Snippets -- Clutched From Other Lives Part Two
I'm listening to Chris Bell and feeling really underwhelmed by graduate school today. So I figured now was as good of a time as any to flex my fiction writing muscles and post another installment of my sojourn into fiction writing -- ""The Jukebox Played An Old Sad Song." I feel that some of this story might seem a tad cliched, or intentionally pulpy, but I am going with it. Writing is an unrewarding task sometimes, but most of the time I can't imagine doing anything else. One of these times I will put up revisions.
He grabbed a pool cue from a corner rack. The bar was somewhat of a dive with dirty concrete floors and cracked brown wall panels covered by decades old beer signs. The only new embellishments included new lights over the pool tables and large screen led televisions with 24 hour sports blaring. The pool cue he grabbed was one of the old ones; it had some heft. It wasn't one of these 19 ounce 2 piece cues, great for shooting, but horrible for what he was going to do. The cue felt sure in his hands. He walked over to the bar and swung it brutally, but surely, at the head of a man sitting at the bar nursing a bourbon. The stick shattered on the man's hard skull and he dropped. The heavy thwack alerted the bartender and the one other man in the bar.
The bartender came from the back with a “what the fuck” look on his face. The man calmly pulled a small pistol on him. He said nothing, but the bartender knew to stay back. The other man in the bar was not so compliant. He raced towards the man with little fear in the stance of an amateur wrestler. He made to circle the man in an effort to go for a take down. The man expected him to throw a knee. He smoothly and effectively kicked the man's legs out from beneath him. He put the man into a full nelson and banged his head against the floor. Then he punched once. The man was out, but the bartender was heading for the phone. It was good that the place had no quick alarm system. The man made a quick dash for the bar. He had been hoping he wouldn't have to do this. He grabbed the broken cue and hit the bartender in the back. As the man turned, he caught him with a right hook. That was all it took. He left the man laying behind the bar, then pulled on a pair of gloves. He calmly went back to the first man and searched his pockets. He grabbed his wallet, pocketed it as well as an envelope from the man's sport coat, and grabbed the broken pool cue. He would get rid of it later. Then he quietly left. He wasn't scared of being caught. Even the bartender would have a tough time identifying him. He knew that he looked like every other schmoe that came in the bar. He had no distinguishing features or trademarks. He was so unassuming and normal; no one ever noticed him. He was sure they wouldn't this time either.
Hank Mardow was the man to go to with this kind of information. He had his hands in all the appropriate piggy banks, pies, illegal investments; you name it. He knew all the right people and spoke all the right languages. The man had dropped off his package, but he needed to know just what he had delivered. Usually he did not peak at his clients' personal files, but there was something about the package that uneased him. He knew he could trust Hank. He just wanted to see what his bosses were getting into. There were few lines he would cross, but he thought his bosses had crossed one. Mardow looked at him with some doubt. “You seriously want to know? This could open a whole new can of worms for you. I'm not sure if I'm comfortable telling you. I also don't want your employer to get her little ass kicked or to get mine kicked. This must remain a secret, if I tell you. Or you have to swear that you will not mention me. I'm staying out of it.”
“I wouldn't ask you, if I wasn't worried. I usually just shut my mouth and do these jobs. I'm really good at these jobs, and I'm always discrete. I just want to know what they're doing. I'm thinking of moving on. This might just make my mind up for me. Don't worry. I'll leave your name out of it. I don't think that she will expect you anyway.”
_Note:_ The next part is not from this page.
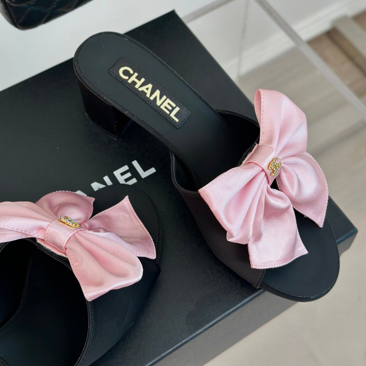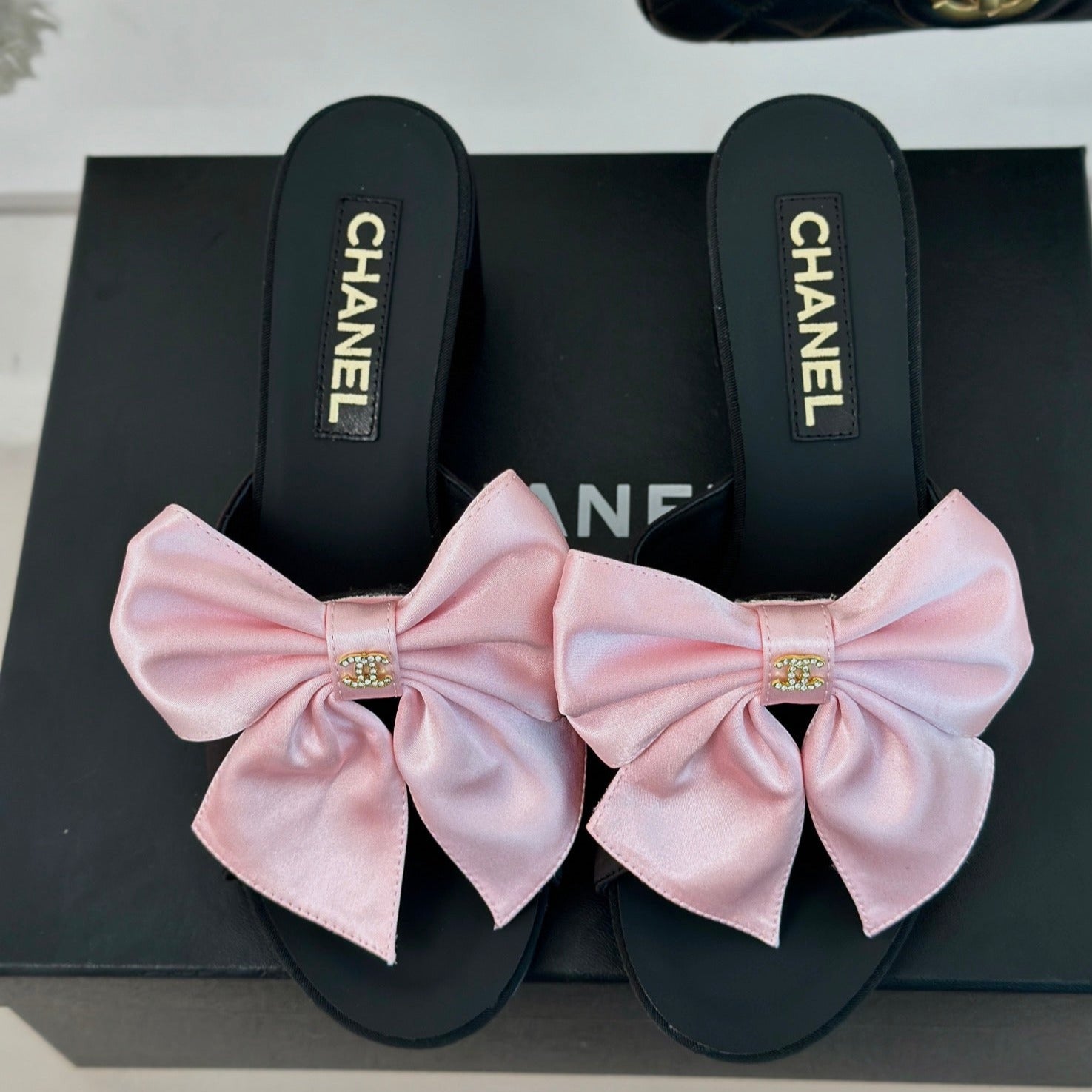 cc pink big bow sandal 60 black lambskin

“Alright. It is heroin just as you expected. She is getting into harder and harder drugs. She's been upping the business, selling larger amounts with more and more dealers. But you are still only delivering messages and settling scores. She would never make you deliver the drugs. Hell, you won't even see them. You're too good of a delivery man and enforcer. Don't worry about it. Just continue doing your job.”
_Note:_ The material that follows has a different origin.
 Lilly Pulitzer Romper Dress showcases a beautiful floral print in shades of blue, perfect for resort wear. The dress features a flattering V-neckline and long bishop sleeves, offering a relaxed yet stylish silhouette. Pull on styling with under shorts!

The man seemed satisfied. He took his leave with few words. He had made his decision to get out. He wouldn't tell her why. He would just quietly finish these last jobs. There was no need in hurrying. There was no need in worrying. He would remain anonymous. That was his way.
A strange darkness swathed the city in aberrant violet hues, leaving a filmy wash, which obscured the lamp posts. Charlie had just arrived in town. He had never liked it all that much. He played few gigs here and spent as little time as possible thinking about why. His uncle had lived here -- a thin, austere man who had little love for children; he had worked for years selling used cars. He was as gray and unimaginative as the city itself. As a sub-suburb of Chicago, it was innocuous. It was solemn with many old factory houses pushing against the sky. Charlie's uncle had lived this way. He was always pushing against something, but remained insignificant. Charlie could never shake the thoughts of this solemn old man. They shadowed him like a pall as he drove his car into the city limits, looking for a place to park its rusty, overtaxed frame.